Characterisation of the aged cadaveric discs’ static spatial proteome.
(A) Principal component analysis (PCA) plot of all the aged profiles on PC1 and PC2, colour-coded by compartments. Curves in the left panel show the support vector machine (SVM) boundaries between OAF and inner disc; those in the right panel separate the L5/S1 disc from the upper disc levels. Letters on dots indicate directions: L, left; R, right; A, anterior; P, posterior. (B) Volcano plot showing the differentially expressed proteins (DEPs) between the OAF and inner disc (an aggregate of NP, NP/IAF, and IAF), with the coloured dots representing statistically significant (FDR < 0.05) DEPs. (C) Using the same four modules identified in young samples, we determined the trend for these in the aged samples. Locational trends of module Y1 showing higher expression in the inner disc, albeit they are more flattened than in the young disc samples. Top panel shows left to right direction and bottom panel shows anterior to posterior direction. The red curve is the Gaussian Process Estimation (GPE) trendline, and the blue curves are one standard deviation above or below the trendline. This also applies to (D), (E), and (F). (D) Lateral trends for module Y2 in the aged discs. (E) Lateral trends for module Y3 in the aged discs. (F) Lateral trends for module Y4 in the aged discs.

Differentially expressed proteins (DEPs) between different compartments or levels and spatial trends of protein modules in the aged discs.
(A)-(H) Volcano plots showing the DEPs between different compartments or levels in the aged discs. (A) Volcano plot of DEPs between NP and NP/IAF. (B) Volcano plot of DEPs between NP/IAF and IAF. (C) Volcano plot of DEPs between IAF and OAF. (D) Volcano plot of DEPs between {NP + NP/IAF} and {IAF + OAF}. (E) Volcano plot of DEPs between L4/5 and L3/4. (F) Volcano plot of DEPs between L5/S1 and L4/5. (G) Volcano plot of DEPs between L5/S1 and L3/4. (H) Volcano plot of DEPs between lower level (L5/S1) and upper two levels combined, in the aged discs. (I)-(L), the lateral and anteroposterior trends of the four protein modules identified in (Figure 3—figure supplement 3) in the aged discs. (I) Module Y1. (J) Module Y2. (K) Module Y3. (L) Module Y4. The red curve is the Gaussian Process Estimation (GPE) trend line, and the blue curves are one standard deviation above or below the trend line.

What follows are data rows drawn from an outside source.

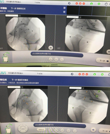 完善的术前准备后,手术开始。机器人“C臂”术中透视对小患者的股骨颈部位进行三维扫描,图像被同步传输至骨科手术机器人系统。同时,在导航系统屏幕上规划好钉道。随后,机器人的机械臂将手术工具精确定位到手术位置,套筒指向目的钉道的进钉点。任海东主任张子阳张恒军医生团队沿着套筒钻入导引针,确认位置无误后,置入3枚空心加压螺钉并通过导引针固定,拔出导针。C型臂透视,骨折对位对线良好,活动左髋关节无阻碍感及异常弹响,手术顺利结束。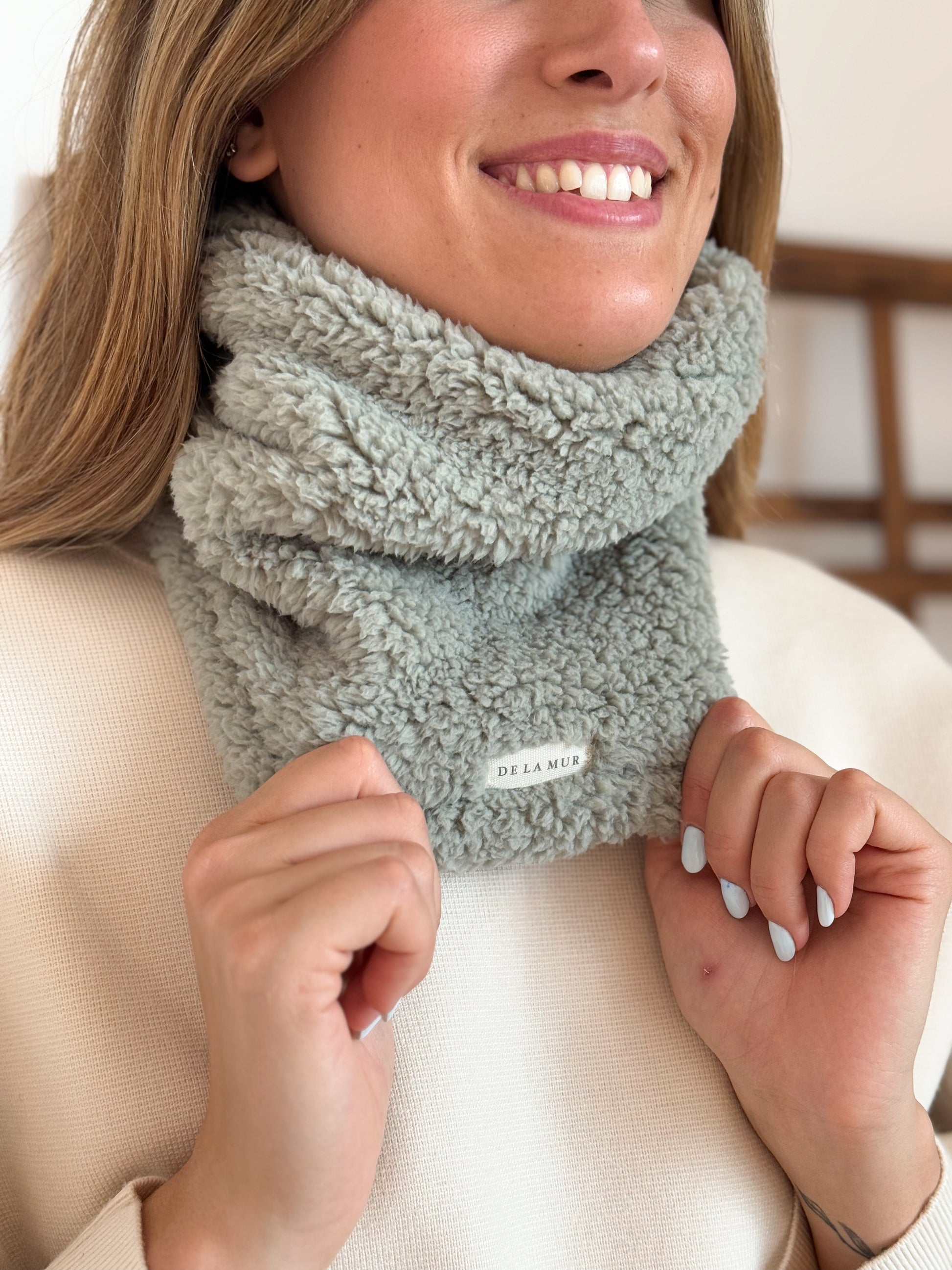 Deze colsjaal van de La Mur Line is uitgevoerd in een lichtgroene teddystof.
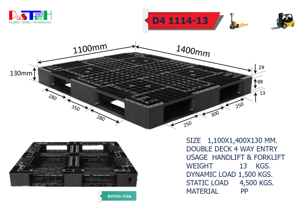 1,100×1,400×130 mm พาเลทพลาสติก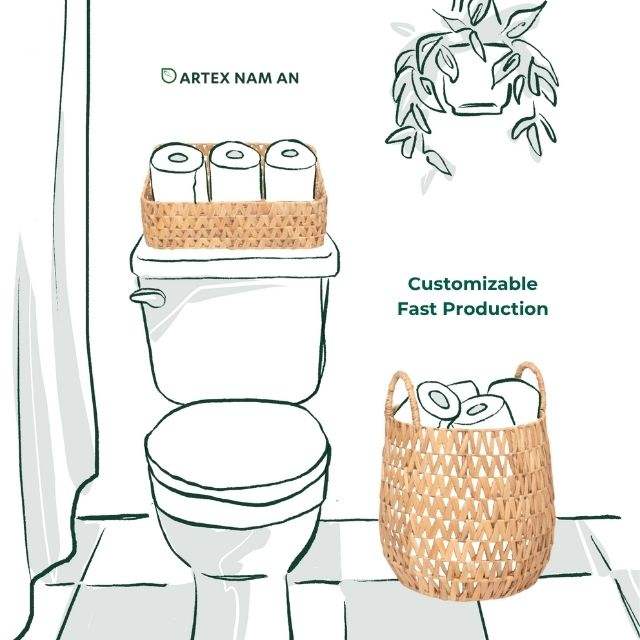 Handmade Natural Woven Hamper Water Hyacinth Laundry Basket for Home Storage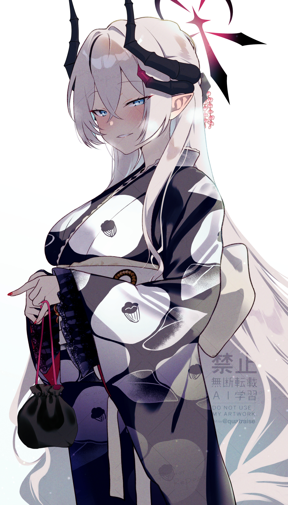 1girl alternate_costume black_kimono blue_archive blush breasts commentary_request crossed_bangs demon_horns grey_hair halo highres horns japanese_clothes kimono large_breasts long_hair long_sleeves looking_at_viewer makoto_(blue_archive) obi pointy_ears quatraise sash simple_background smile solo straight_hair very_long_hair watermark white_background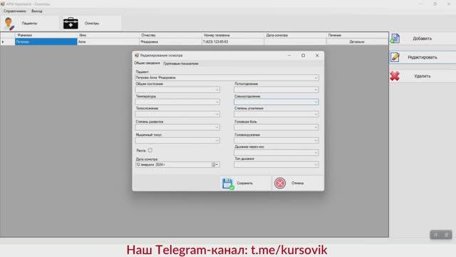 https://kursovik.com/programming/101450418.html Программа автоматизации рабочего места «Терапевт». Курсовая работа. Среда разработки: Visual Studio. Технология разработки: WindowForms. Среда программирования: Visual C# .NET 2019. База данных: Access. Данный программный продукт позволяет автоматизировать рабочее место терапевта. Первоначальным этапом является заполнение справочников системы, которые в дальнейшем используются для регистрации осмотра и выявленных проблем пациента. Также в системе ведется учет всех пациентов, с возможностью поиска по ключевым полям. При регистрации осмотра могут быть выбраны как единичные показатели, так и групповые. На основании осмотра терапевт назначает лечение и регистрирует эти данные на соответствующей форме. Приобрести исходники(все файлы проекта) данной программы Вы можете, заполнив следующую форму: https://kursovik.com/programming/101450418.html?camefrom=rutube#form Заказать отчёт(описание): https://kursovik.com/programming/101450418.html?camefrom=rutube#pz_need Заказать модификацию: https://kursovik.com/uniform.html?modify=101450418&camefrom=rutube Заказать новую программу: https://kursovik.com/programming_order.html?camefrom=rutube Задать вопрос автору: https://kursovik.com/programming/101450418.html?camefrom=rutube#vopros Наш Телеграм-БОТ для поиска готовых работ по программированию https://t.me/kursovikcom_bot , в нашей базе более 5и тысяч готовых работ, для более эффективного поиска используйте наш Телеграм-БОТ. Список наших готовых работ по программированию: https://kursovik.com/progtopic.html?camefrom=rutube Разработка программ на заказ согласно Вашему заданию: https://kursovik.com/programming_order.html?camefrom=rutube Мы пишем программы практически на всех языках программирования, работаем с различными базами данных, выполняем как мелкие задачки, так и крупные проекты. Разрабатываем и запускаем в работу ЧАТ-БОТы. Обращайтесь - всегда будем рады Вам помочь! Если нужно переписать данную программу на другой язык программирования - обращайтесь - сделаем. Адрес нашего сайта: https://kursovik.com Наши контакты: https://kursovik.com/contacts.html Наша группа ВК: https://vk.com/kursovik (всем подписчикам скидка 5%) Наш Телеграм-канал: https://t.me/kursovik (всем подписчикам скидка 5%) Наш Дзен-канал: https://dzen.ru/kursovik (всем подписчикам скидка 5%) Наш RuTube-канал: https://rutube.ru/channel/41864889 (всем подписчикам скидка 5%) Наш YouTube-канал: https://youtube.com/@kursovik_com (всем подписчикам скидка 5%) (скидки не суммируются :-) #курсоваяработа #базыданных #visualstudio #программирование

Comparisons between young and aged static spatial proteomes.
(A) Volcano plot showing the differentially expressed proteins (DEPs) between all the 33 young and 33 aged profiles. Coloured dots represent statistically significant DEPs. (B) Gene ontology (GO) term enrichment of DEPs higher in young profiles. (C) GO term enrichment of DEPs higher in aged profiles. Full names of GO terms in (B and C) are listed in Supplementary file 5. (D) Volcano plot showing DEPs between aged and young inner disc regions. (E) Volcano plot showing DEPs between aged and young OAF. (F) Venn diagram showing the partitioning of the young/aged DEPs that were downregulated in aged discs, into contributions from inner disc regions and OAF. (G) Venn diagram showing the partitioning of the young/aged DEPs that were upregulated in aged discs, into contributions from inner disc regions and OAF. (H) A heat map showing proteins expressed in all young and aged disc, with the identification of 6 modules (module 1: higher expression in young inner disc regions, modules 2 and 4: higher expression in young OAF, module 3: highly expressing in aged OAF, module 5: higher expression across all aged samples, and module 6: higher expression in aged inner disc, and some OAF). (I) An alluvial chart showing the six modules identified in (H) and their connections to the previously identified four modules and constant set in the young reference proteome; as well as their connections to enriched GO terms.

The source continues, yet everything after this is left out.